Overdiagnosis

Overdiagnosis is the diagnosis of disease that will never cause symptoms or death during a patient's ordinarily expected lifetime[1] and thus presents no practical threat regardless of being pathologic. Overdiagnosis is a side effect of screening for early forms of disease. Although screening saves lives in some cases, in others it may turn people into patients unnecessarily and may lead to treatments that do no good and perhaps do harm. Given the tremendous variability that is normal in biology, it is inherent that the more one screens, the more incidental findings will generally be found. For a large percentage of them, the most appropriate medical response is to recognize them as something that does not require intervention; but determining which action a particular finding warrants ("ignoring", watchful waiting, or intervention) can be very difficult, whether because the differential diagnosis is uncertain or because the risk ratio is uncertain (risks posed by intervention, namely, adverse events, versus risks posed by not intervening).

Overdiagnosis occurs when a disease is diagnosed correctly, but the diagnosis is irrelevant. A correct diagnosis may be irrelevant because treatment for the disease is not available, not needed, or not wanted. Some people contend that the term "overdiagnosis" is inappropriate, and that "overtreatment" is more representative of the phenomenon.
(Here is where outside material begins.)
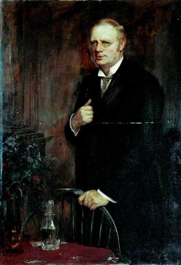 Alfred Bigland (1855-1936) MP Supplied by The Public Catalogue Foundation - artist and sitter dead by 1936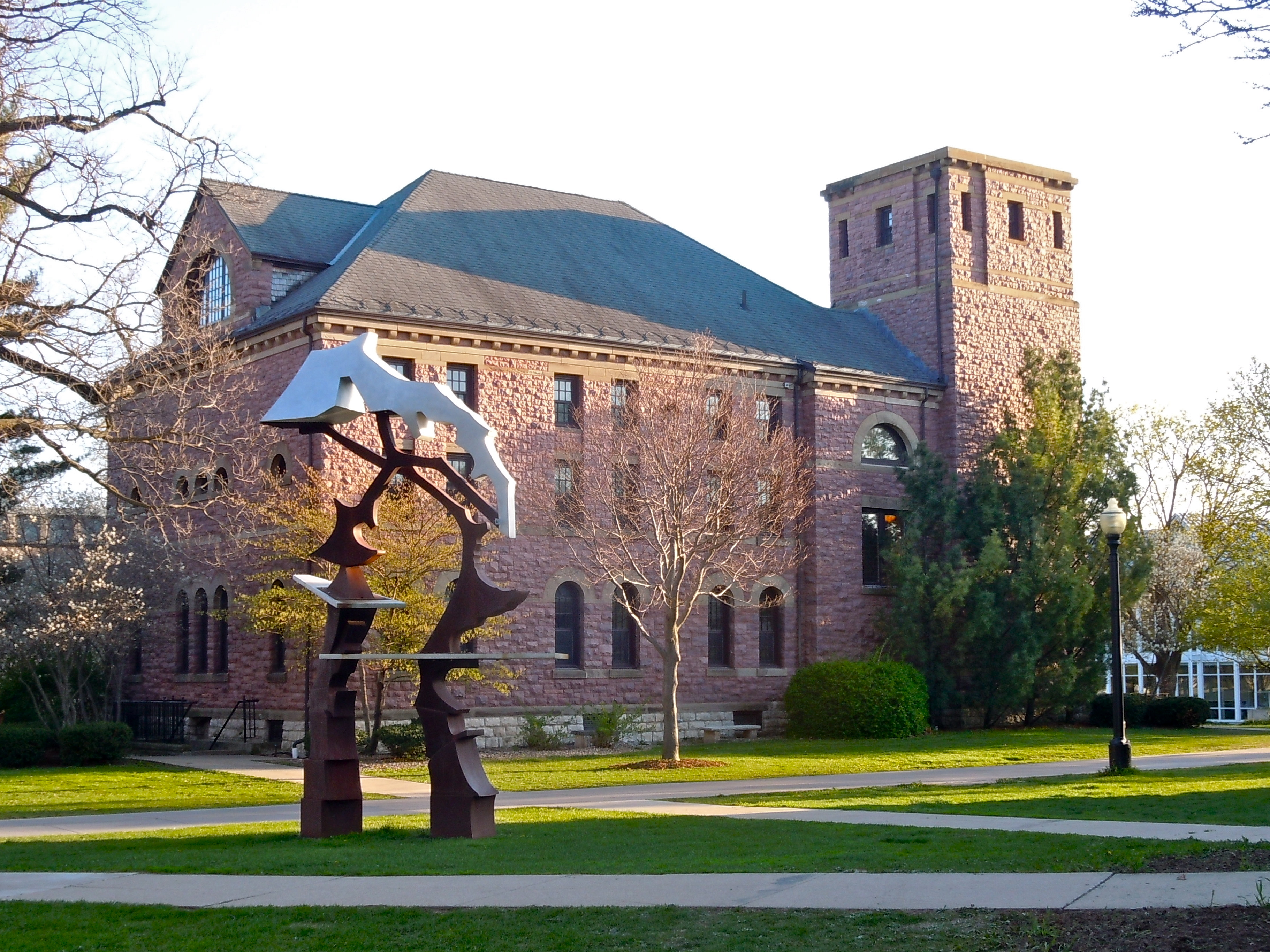 Goodnow Hall on the NRHP since April 26, 1979. On Grinnell College campus, Grinnell, Iowa

Because most people who are diagnosed are also treated, it is difficult to assess whether overdiagnosis has occurred in an individual. Overdiagnosis in an individual cannot be determined during life.[citation needed] Overdiagnosis is only certain when an individual remains untreated, never develops symptoms of the disease and dies of something else. The distinction of "died with disease" versus "died of disease" is then important and relevant. Thus most of the inferences about overdiagnosis comes from the study of populations. Rapidly rising rates of testing and disease diagnosis in the setting of stable rates of the feared outcome of the disease (e.g. death) are highly suggestive of overdiagnosis. Most compelling, however, is evidence from a randomized trial of a screening test intended to detect pre-clinical disease. A persistent excess of detected disease in the tested group years after the trial is completed constitutes the best evidence that overdiagnosis has occurred.[citation needed]

Although overdiagnosis is potentially applicable to the diagnosis of any disease, the concept was first recognized and studied in cancer screening—the systematic evaluation of asymptomatic patients to detect early forms of cancer.[2] The central harm of cancer screening is overdiagnosis—the detection of abnormalities that meet the pathologic definition of cancer (under the microscope) but will never progress to cause symptoms or death during a patient's ordinarily expected lifetime.

In advanced age, such as 65 years or older, the concept of overdiagnosis takes on increasing importance as life expectancy decreases. There are various cancer types for which a standard contraindication to screening is life expectancy of less than 10 years, for the simple and logical reason that a person who already has medically complex health status (e.g., multiple comorbidities) and realistically can probably expect to live for less than 10 years is less likely to get a net benefit (balance of benefit versus harms) from diagnosing and treating that cancer, especially if it may be indolent anyway. Prostate cancer is a classic example, but the concept can apply to breast cancer and other types as well.

  1. ^ Welch, H. G.; Black, W. C. (5 May 2010). "Overdiagnosis in Cancer". JNCI Journal of the National Cancer Institute. 102 (9): 605–613. doi:10.1093/jnci/djq099. PMID 20413742.